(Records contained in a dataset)
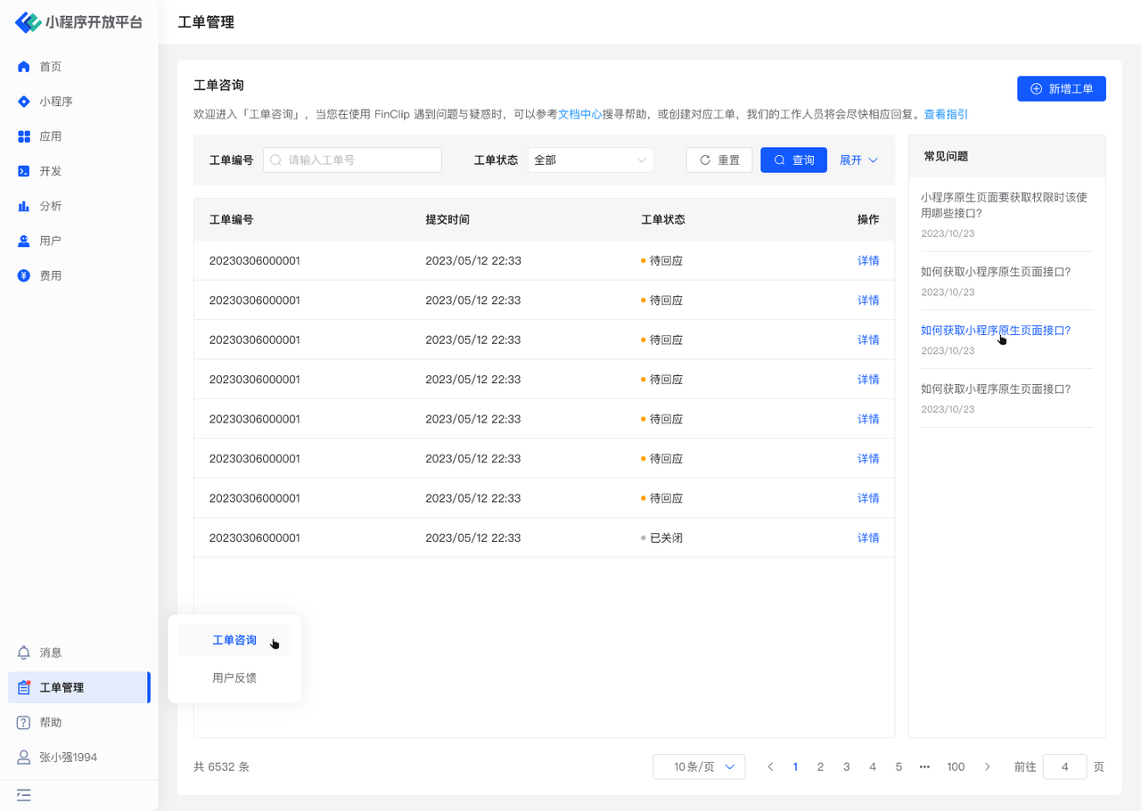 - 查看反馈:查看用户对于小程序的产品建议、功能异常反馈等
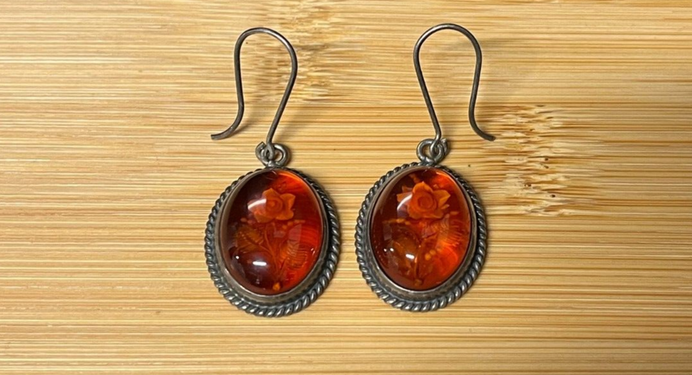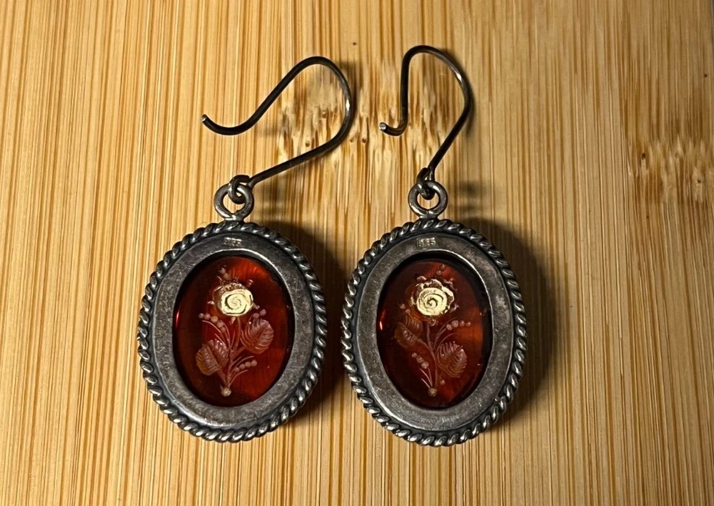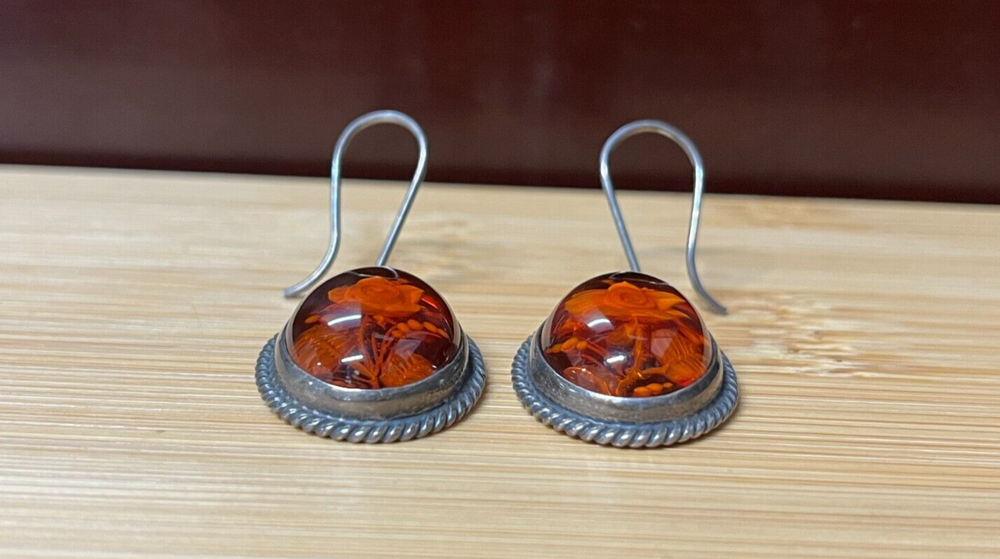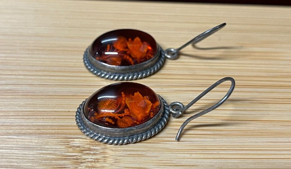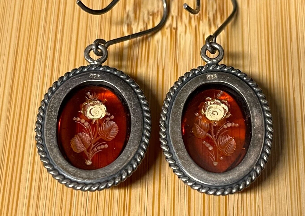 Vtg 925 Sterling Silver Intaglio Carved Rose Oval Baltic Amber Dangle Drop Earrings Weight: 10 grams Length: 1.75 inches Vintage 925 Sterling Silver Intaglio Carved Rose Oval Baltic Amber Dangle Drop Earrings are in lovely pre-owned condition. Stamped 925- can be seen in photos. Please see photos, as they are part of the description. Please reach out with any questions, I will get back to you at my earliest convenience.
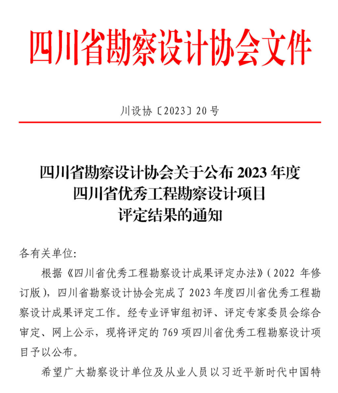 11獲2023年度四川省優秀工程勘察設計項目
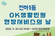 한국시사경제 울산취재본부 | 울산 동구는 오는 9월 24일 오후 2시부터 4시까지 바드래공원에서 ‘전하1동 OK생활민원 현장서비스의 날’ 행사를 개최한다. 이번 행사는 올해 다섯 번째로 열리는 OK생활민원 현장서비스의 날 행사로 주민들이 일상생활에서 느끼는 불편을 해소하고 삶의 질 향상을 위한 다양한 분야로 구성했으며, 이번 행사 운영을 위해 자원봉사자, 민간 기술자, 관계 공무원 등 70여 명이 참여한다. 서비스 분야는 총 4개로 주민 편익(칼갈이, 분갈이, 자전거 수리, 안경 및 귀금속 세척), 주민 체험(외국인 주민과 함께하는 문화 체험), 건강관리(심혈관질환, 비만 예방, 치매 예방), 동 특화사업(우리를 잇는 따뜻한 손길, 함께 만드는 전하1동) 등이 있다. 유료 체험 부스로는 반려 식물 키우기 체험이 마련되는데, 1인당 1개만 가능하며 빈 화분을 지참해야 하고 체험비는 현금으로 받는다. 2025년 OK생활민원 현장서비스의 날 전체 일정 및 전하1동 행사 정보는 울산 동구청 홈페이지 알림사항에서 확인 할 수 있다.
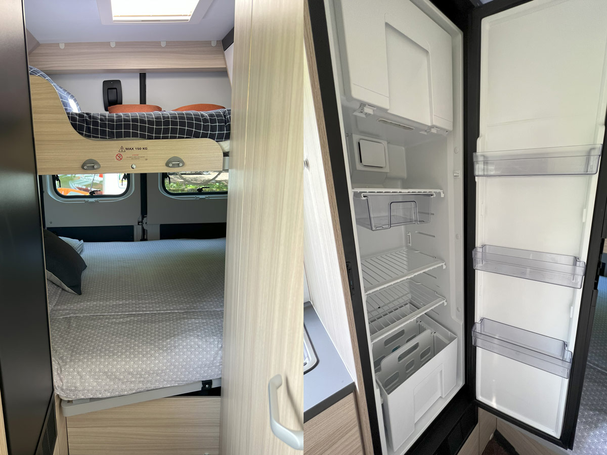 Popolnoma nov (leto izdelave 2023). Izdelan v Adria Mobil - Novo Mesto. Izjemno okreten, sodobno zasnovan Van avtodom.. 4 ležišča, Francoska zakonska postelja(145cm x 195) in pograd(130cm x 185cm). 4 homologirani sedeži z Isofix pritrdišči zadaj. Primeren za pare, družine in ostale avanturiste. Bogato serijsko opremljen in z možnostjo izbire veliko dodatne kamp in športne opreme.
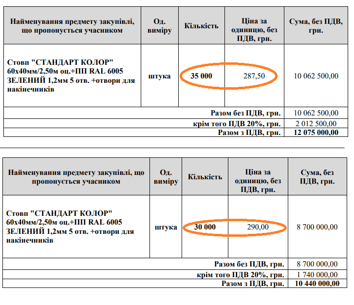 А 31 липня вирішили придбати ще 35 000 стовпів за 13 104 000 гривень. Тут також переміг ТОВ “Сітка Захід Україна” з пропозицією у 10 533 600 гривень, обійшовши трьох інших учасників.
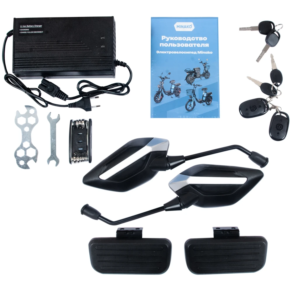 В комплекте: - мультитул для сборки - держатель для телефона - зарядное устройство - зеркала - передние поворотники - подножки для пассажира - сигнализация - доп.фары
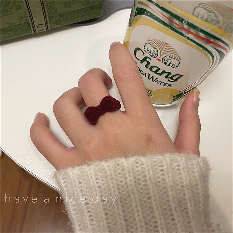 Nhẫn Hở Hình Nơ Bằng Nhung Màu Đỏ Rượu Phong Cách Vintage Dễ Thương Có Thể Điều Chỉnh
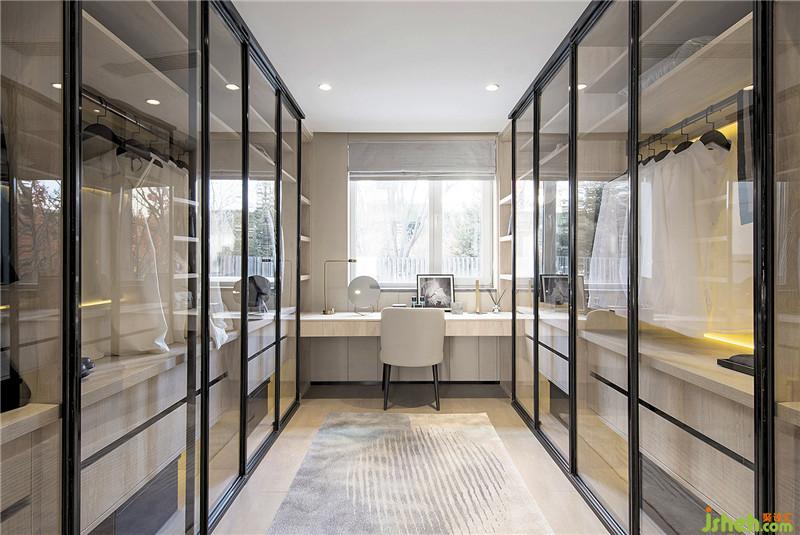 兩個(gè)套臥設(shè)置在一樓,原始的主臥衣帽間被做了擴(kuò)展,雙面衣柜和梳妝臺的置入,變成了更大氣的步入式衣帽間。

(How to complete this task)
Output every record exactly, minus the pictures.

(Problem solution)
 - 查看反馈:查看用户对于小程序的产品建议、功能异常反馈等
 Vtg 925 Sterling Silver Intaglio Carved Rose Oval Baltic Amber Dangle Drop Earrings Weight: 10 grams Length: 1.75 inches Vintage 925 Sterling Silver Intaglio Carved Rose Oval Baltic Amber Dangle Drop Earrings are in lovely pre-owned condition. Stamped 925- can be seen in photos. Please see photos, as they are part of the description. Please reach out with any questions, I will get back to you at my earliest convenience.
 11獲2023年度四川省優秀工程勘察設計項目
 한국시사경제 울산취재본부 | 울산 동구는 오는 9월 24일 오후 2시부터 4시까지 바드래공원에서 ‘전하1동 OK생활민원 현장서비스의 날’ 행사를 개최한다. 이번 행사는 올해 다섯 번째로 열리는 OK생활민원 현장서비스의 날 행사로 주민들이 일상생활에서 느끼는 불편을 해소하고 삶의 질 향상을 위한 다양한 분야로 구성했으며, 이번 행사 운영을 위해 자원봉사자, 민간 기술자, 관계 공무원 등 70여 명이 참여한다. 서비스 분야는 총 4개로 주민 편익(칼갈이, 분갈이, 자전거 수리, 안경 및 귀금속 세척), 주민 체험(외국인 주민과 함께하는 문화 체험), 건강관리(심혈관질환, 비만 예방, 치매 예방), 동 특화사업(우리를 잇는 따뜻한 손길, 함께 만드는 전하1동) 등이 있다. 유료 체험 부스로는 반려 식물 키우기 체험이 마련되는데, 1인당 1개만 가능하며 빈 화분을 지참해야 하고 체험비는 현금으로 받는다. 2025년 OK생활민원 현장서비스의 날 전체 일정 및 전하1동 행사 정보는 울산 동구청 홈페이지 알림사항에서 확인 할 수 있다.
 Popolnoma nov (leto izdelave 2023). Izdelan v Adria Mobil - Novo Mesto. Izjemno okreten, sodobno zasnovan Van avtodom.. 4 ležišča, Francoska zakonska postelja(145cm x 195) in pograd(130cm x 185cm). 4 homologirani sedeži z Isofix pritrdišči zadaj. Primeren za pare, družine in ostale avanturiste. Bogato serijsko opremljen in z možnostjo izbire veliko dodatne kamp in športne opreme.
 А 31 липня вирішили придбати ще 35 000 стовпів за 13 104 000 гривень. Тут також переміг ТОВ “Сітка Захід Україна” з пропозицією у 10 533 600 гривень, обійшовши трьох інших учасників.
 В комплекте: - мультитул для сборки - держатель для телефона - зарядное устройство - зеркала - передние поворотники - подножки для пассажира - сигнализация - доп.фары
 Nhẫn Hở Hình Nơ Bằng Nhung Màu Đỏ Rượu Phong Cách Vintage Dễ Thương Có Thể Điều Chỉnh
 兩個(gè)套臥設(shè)置在一樓,原始的主臥衣帽間被做了擴(kuò)展,雙面衣柜和梳妝臺的置入,變成了更大氣的步入式衣帽間。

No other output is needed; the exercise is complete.